### [TO DO]
Using the entries below, copy exactly each line from the line with "Зеркальный шкаф Art&Max" up to and including the line with "Hlavní oltář z", with every picture left out.

### [DATA FOR REVIEW]
☆ ☆ ☆ ☆ ☆ ☆ ☆
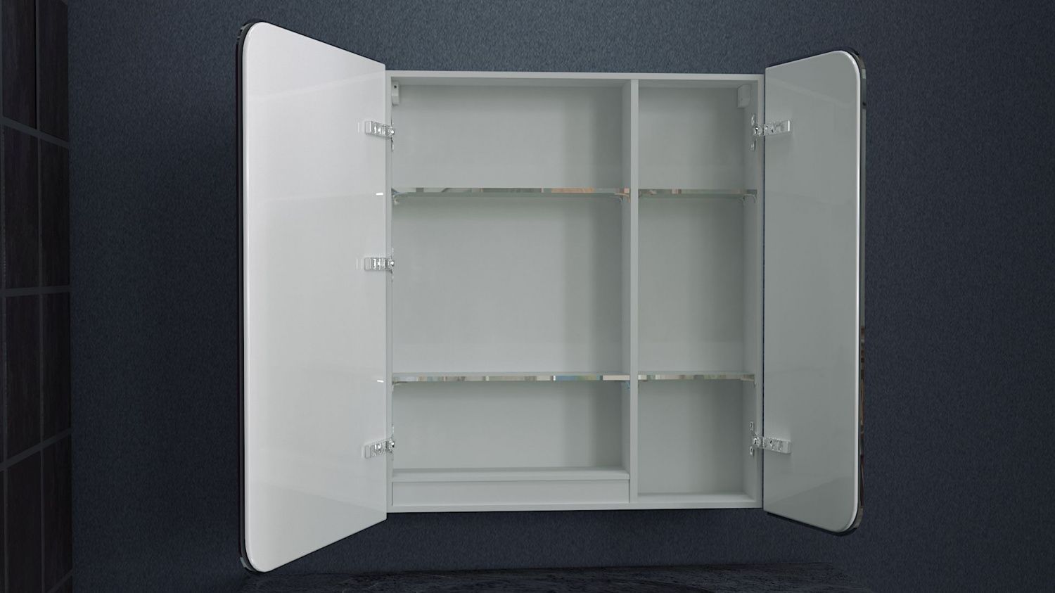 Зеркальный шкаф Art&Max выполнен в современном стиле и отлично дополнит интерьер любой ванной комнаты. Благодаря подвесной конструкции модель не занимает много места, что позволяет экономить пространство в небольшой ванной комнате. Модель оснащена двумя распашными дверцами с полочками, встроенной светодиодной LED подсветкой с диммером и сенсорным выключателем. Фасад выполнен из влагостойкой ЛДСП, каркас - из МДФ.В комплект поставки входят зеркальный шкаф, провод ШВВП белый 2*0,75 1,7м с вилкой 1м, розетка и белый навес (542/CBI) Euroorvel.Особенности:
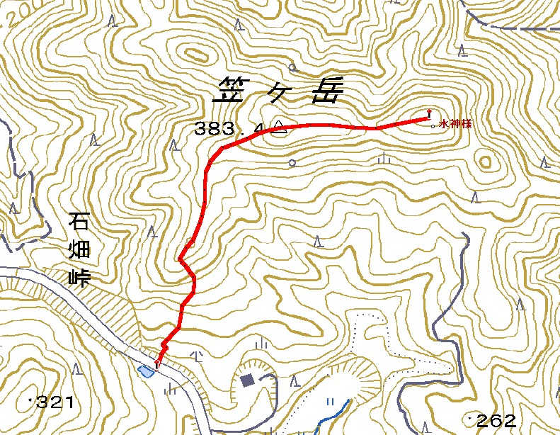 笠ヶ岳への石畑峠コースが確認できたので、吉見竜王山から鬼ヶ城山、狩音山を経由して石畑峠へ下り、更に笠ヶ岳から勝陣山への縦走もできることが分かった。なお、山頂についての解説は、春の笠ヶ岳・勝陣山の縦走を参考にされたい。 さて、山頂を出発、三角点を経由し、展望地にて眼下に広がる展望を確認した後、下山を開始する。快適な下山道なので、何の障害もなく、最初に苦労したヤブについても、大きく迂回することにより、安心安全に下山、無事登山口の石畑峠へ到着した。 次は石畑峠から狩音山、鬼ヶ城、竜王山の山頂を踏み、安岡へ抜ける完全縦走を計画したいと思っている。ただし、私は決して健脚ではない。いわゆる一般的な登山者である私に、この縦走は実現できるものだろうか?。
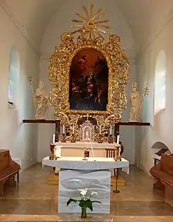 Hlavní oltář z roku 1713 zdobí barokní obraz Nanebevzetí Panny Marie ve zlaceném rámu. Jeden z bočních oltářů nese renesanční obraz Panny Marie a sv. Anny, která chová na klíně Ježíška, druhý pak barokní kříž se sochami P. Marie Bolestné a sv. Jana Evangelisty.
☆ ☆ ☆ ☆ ☆ ☆ ☆
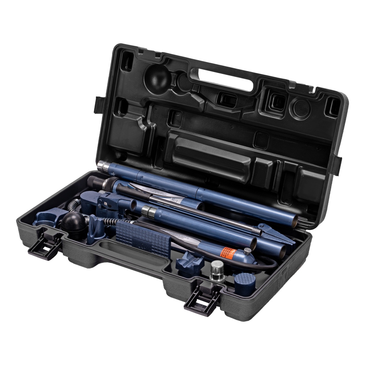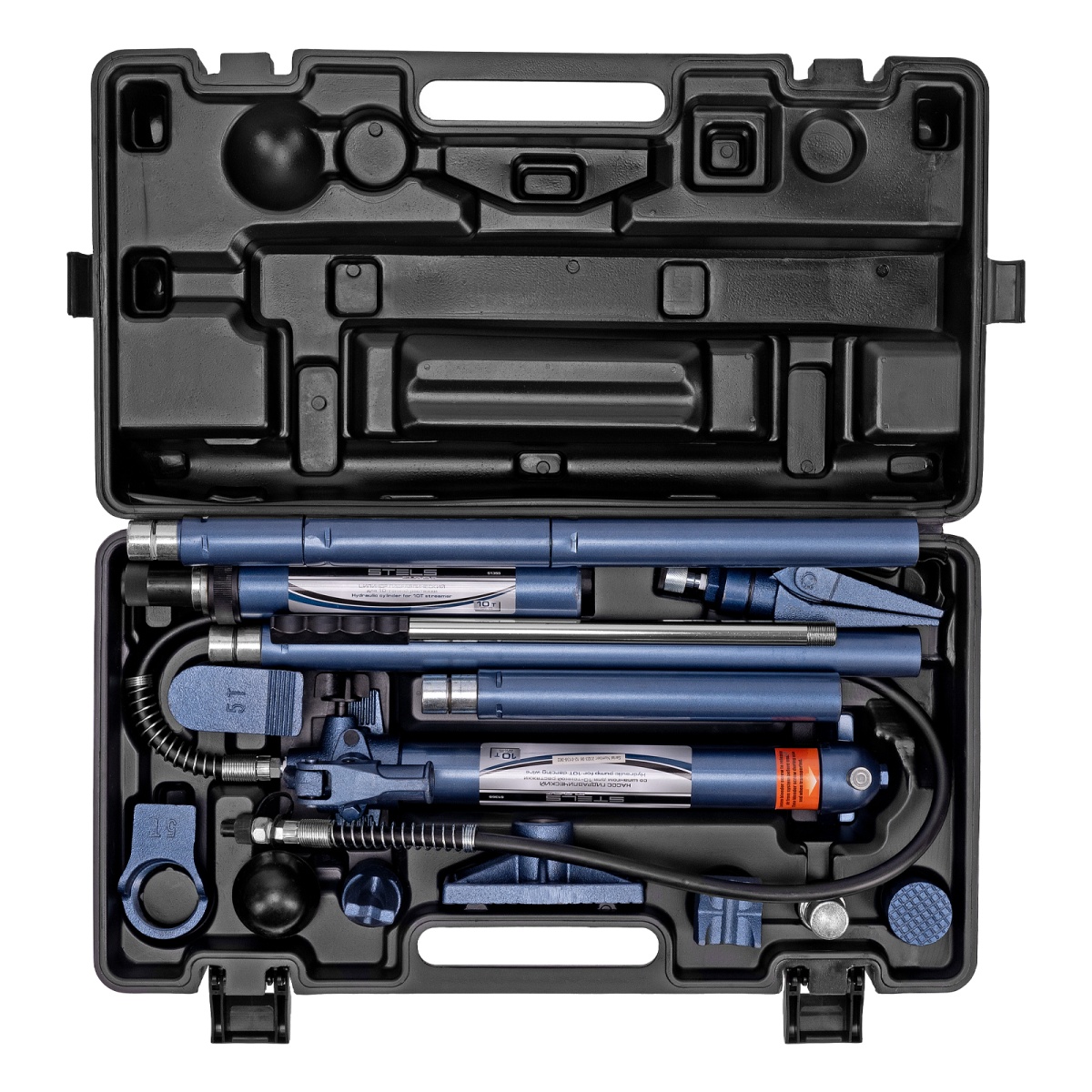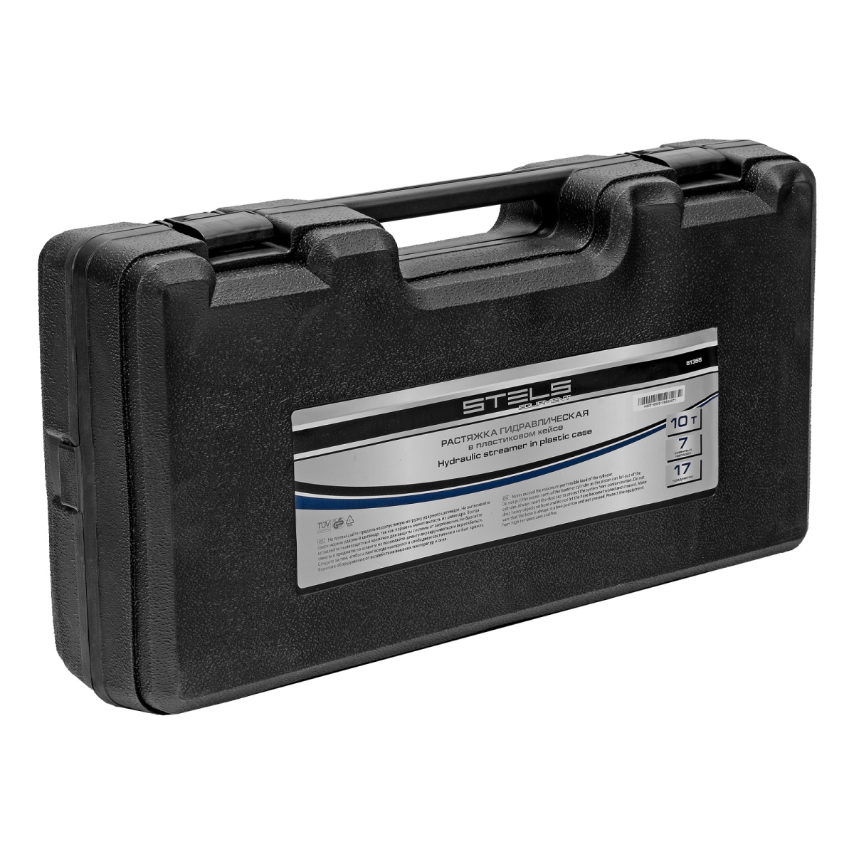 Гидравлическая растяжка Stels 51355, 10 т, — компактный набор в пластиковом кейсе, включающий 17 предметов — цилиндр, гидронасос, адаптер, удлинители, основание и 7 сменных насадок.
☆ ☆ ☆ ☆ ☆ ☆ ☆
### [SOLUTION TO THIS PROBLEM]
 Зеркальный шкаф Art&Max выполнен в современном стиле и отлично дополнит интерьер любой ванной комнаты. Благодаря подвесной конструкции модель не занимает много места, что позволяет экономить пространство в небольшой ванной комнате. Модель оснащена двумя распашными дверцами с полочками, встроенной светодиодной LED подсветкой с диммером и сенсорным выключателем. Фасад выполнен из влагостойкой ЛДСП, каркас - из МДФ.В комплект поставки входят зеркальный шкаф, провод ШВВП белый 2*0,75 1,7м с вилкой 1м, розетка и белый навес (542/CBI) Euroorvel.Особенности:
 笠ヶ岳への石畑峠コースが確認できたので、吉見竜王山から鬼ヶ城山、狩音山を経由して石畑峠へ下り、更に笠ヶ岳から勝陣山への縦走もできることが分かった。なお、山頂についての解説は、春の笠ヶ岳・勝陣山の縦走を参考にされたい。 さて、山頂を出発、三角点を経由し、展望地にて眼下に広がる展望を確認した後、下山を開始する。快適な下山道なので、何の障害もなく、最初に苦労したヤブについても、大きく迂回することにより、安心安全に下山、無事登山口の石畑峠へ到着した。 次は石畑峠から狩音山、鬼ヶ城、竜王山の山頂を踏み、安岡へ抜ける完全縦走を計画したいと思っている。ただし、私は決して健脚ではない。いわゆる一般的な登山者である私に、この縦走は実現できるものだろうか?。
 Hlavní oltář z roku 1713 zdobí barokní obraz Nanebevzetí Panny Marie ve zlaceném rámu. Jeden z bočních oltářů nese renesanční obraz Panny Marie a sv. Anny, která chová na klíně Ježíška, druhý pak barokní kříž se sochami P. Marie Bolestné a sv. Jana Evangelisty.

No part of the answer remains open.